What you need to do - Would you return exactly the lines below from the line with "(a) Example of" through the line with "学习交流生物课程标准后,生物", both included, and nothing else, leaving out the pictures?

Data shown -
Content starts

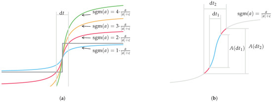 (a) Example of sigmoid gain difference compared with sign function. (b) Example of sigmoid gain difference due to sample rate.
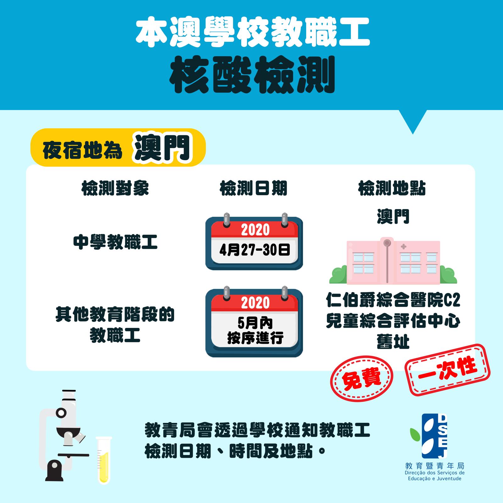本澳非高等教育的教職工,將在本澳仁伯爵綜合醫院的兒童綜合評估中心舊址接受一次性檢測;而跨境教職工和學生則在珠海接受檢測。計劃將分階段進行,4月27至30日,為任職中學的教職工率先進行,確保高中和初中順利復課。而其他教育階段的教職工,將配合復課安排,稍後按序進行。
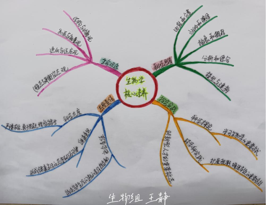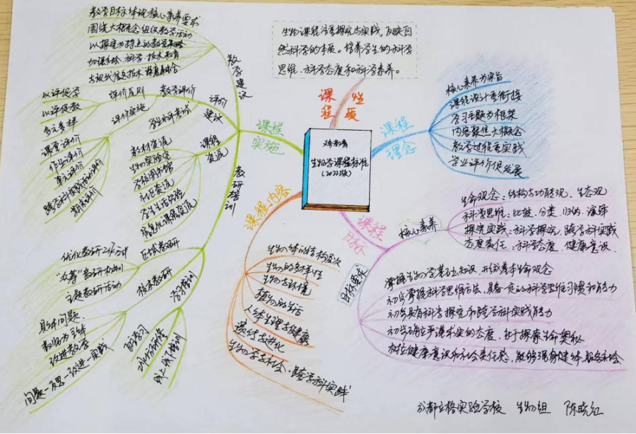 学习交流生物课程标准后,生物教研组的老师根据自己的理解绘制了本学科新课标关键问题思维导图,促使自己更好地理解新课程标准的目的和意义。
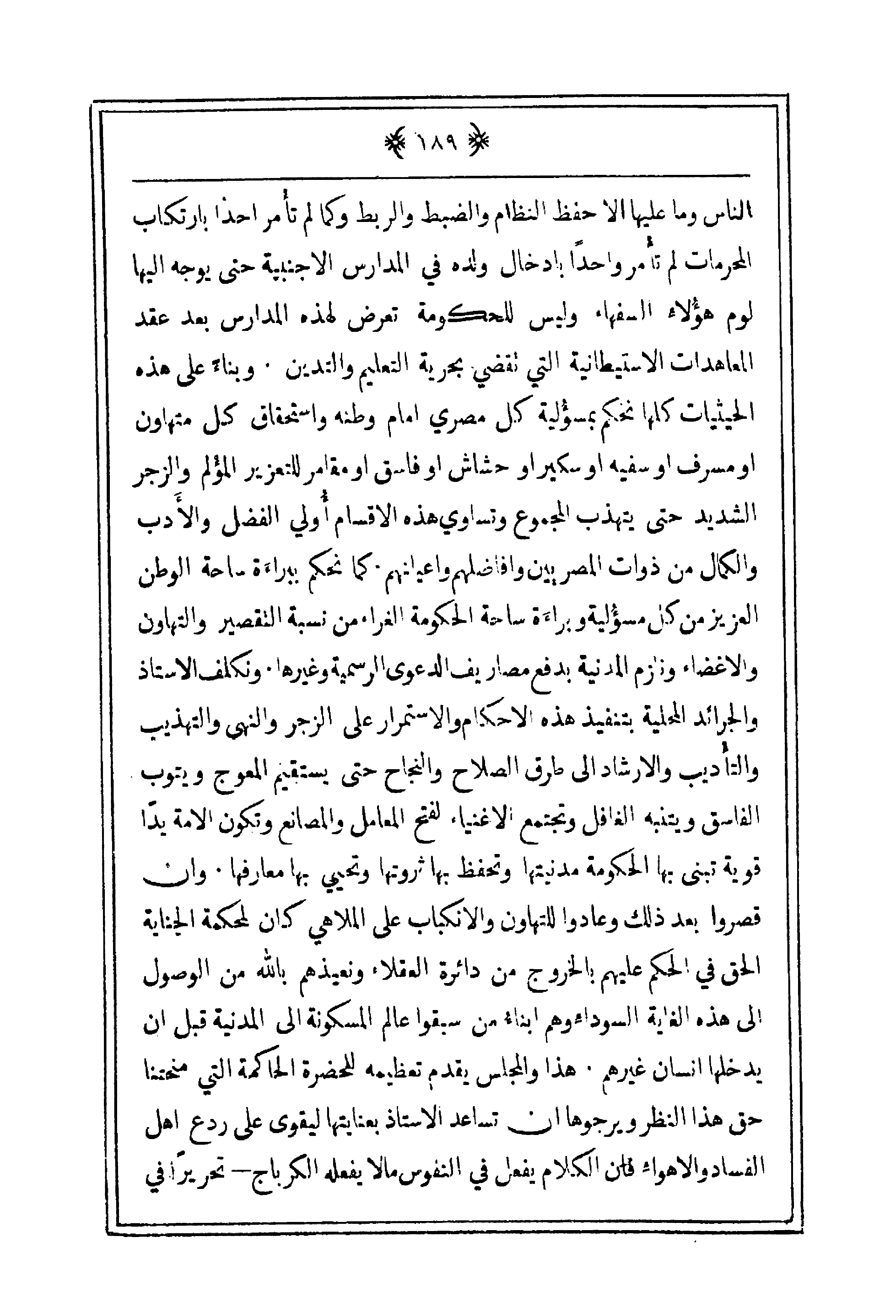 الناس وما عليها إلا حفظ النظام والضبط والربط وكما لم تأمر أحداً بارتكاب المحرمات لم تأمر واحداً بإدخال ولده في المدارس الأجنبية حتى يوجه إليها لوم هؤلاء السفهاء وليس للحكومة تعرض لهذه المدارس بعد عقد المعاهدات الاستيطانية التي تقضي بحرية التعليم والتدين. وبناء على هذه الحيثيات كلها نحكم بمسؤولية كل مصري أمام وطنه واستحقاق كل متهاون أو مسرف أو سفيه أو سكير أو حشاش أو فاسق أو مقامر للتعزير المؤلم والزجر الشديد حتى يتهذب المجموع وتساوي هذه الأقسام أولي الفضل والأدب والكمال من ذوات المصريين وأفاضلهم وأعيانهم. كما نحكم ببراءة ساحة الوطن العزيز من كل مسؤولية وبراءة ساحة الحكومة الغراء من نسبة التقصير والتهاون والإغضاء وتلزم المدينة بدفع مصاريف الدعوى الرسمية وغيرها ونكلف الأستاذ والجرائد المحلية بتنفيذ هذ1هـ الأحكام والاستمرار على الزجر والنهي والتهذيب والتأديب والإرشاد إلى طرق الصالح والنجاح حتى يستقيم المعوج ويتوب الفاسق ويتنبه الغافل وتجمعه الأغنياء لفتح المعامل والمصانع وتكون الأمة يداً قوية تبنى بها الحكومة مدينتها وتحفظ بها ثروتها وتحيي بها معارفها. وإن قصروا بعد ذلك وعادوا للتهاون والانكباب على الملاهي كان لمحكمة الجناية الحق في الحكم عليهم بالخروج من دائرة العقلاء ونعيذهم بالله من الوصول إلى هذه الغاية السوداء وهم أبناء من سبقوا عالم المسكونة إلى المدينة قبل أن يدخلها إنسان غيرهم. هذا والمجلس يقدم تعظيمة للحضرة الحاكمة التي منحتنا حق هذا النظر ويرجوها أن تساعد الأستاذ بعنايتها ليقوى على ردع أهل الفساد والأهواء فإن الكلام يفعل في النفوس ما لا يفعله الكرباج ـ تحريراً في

Content ends
Content starts

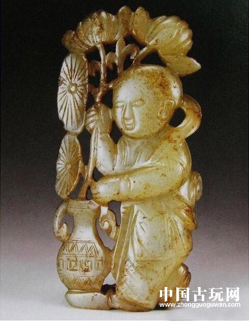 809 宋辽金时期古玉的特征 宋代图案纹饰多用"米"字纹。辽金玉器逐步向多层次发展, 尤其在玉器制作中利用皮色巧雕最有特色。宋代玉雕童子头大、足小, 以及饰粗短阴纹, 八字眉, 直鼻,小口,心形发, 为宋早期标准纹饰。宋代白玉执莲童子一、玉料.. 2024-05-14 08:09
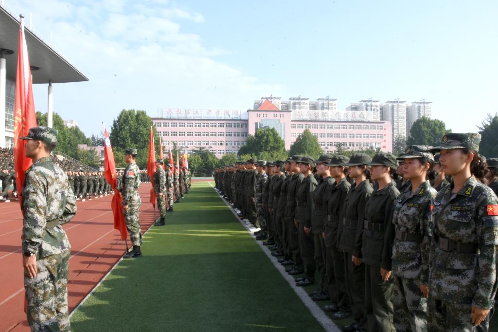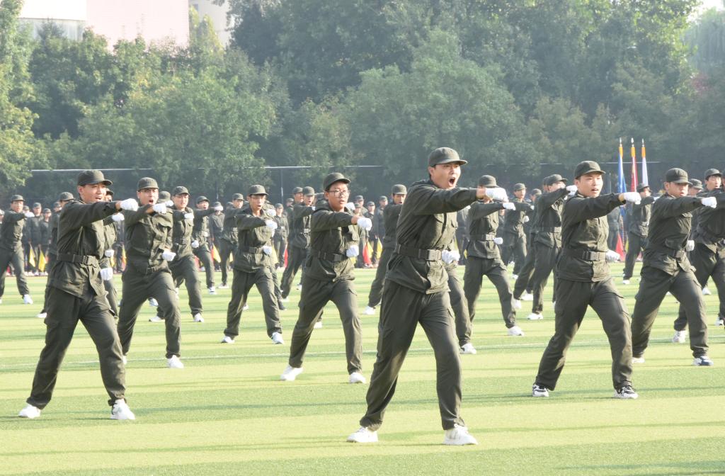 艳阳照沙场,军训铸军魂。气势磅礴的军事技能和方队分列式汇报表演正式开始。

Content ends
Content starts

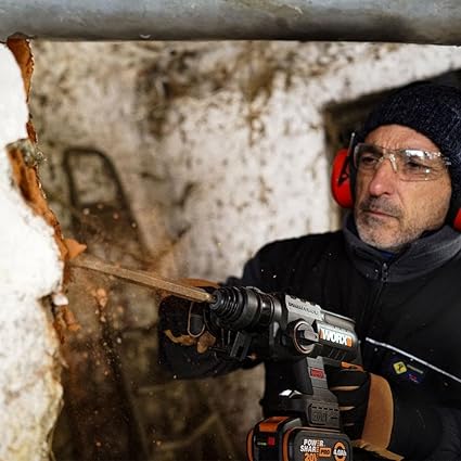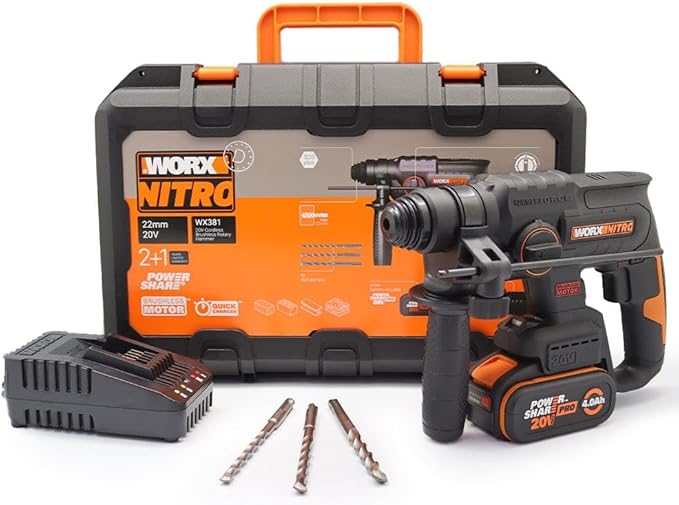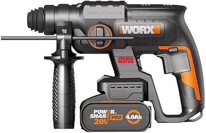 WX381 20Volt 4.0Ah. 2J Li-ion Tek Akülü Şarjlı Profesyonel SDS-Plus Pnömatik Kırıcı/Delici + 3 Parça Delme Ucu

Content ends

Answer to the problem -
 (a) Example of sigmoid gain difference compared with sign function. (b) Example of sigmoid gain difference due to sample rate.
本澳非高等教育的教職工,將在本澳仁伯爵綜合醫院的兒童綜合評估中心舊址接受一次性檢測;而跨境教職工和學生則在珠海接受檢測。計劃將分階段進行,4月27至30日,為任職中學的教職工率先進行,確保高中和初中順利復課。而其他教育階段的教職工,將配合復課安排,稍後按序進行。
 学习交流生物课程标准后,生物教研组的老师根据自己的理解绘制了本学科新课标关键问题思维导图,促使自己更好地理解新课程标准的目的和意义。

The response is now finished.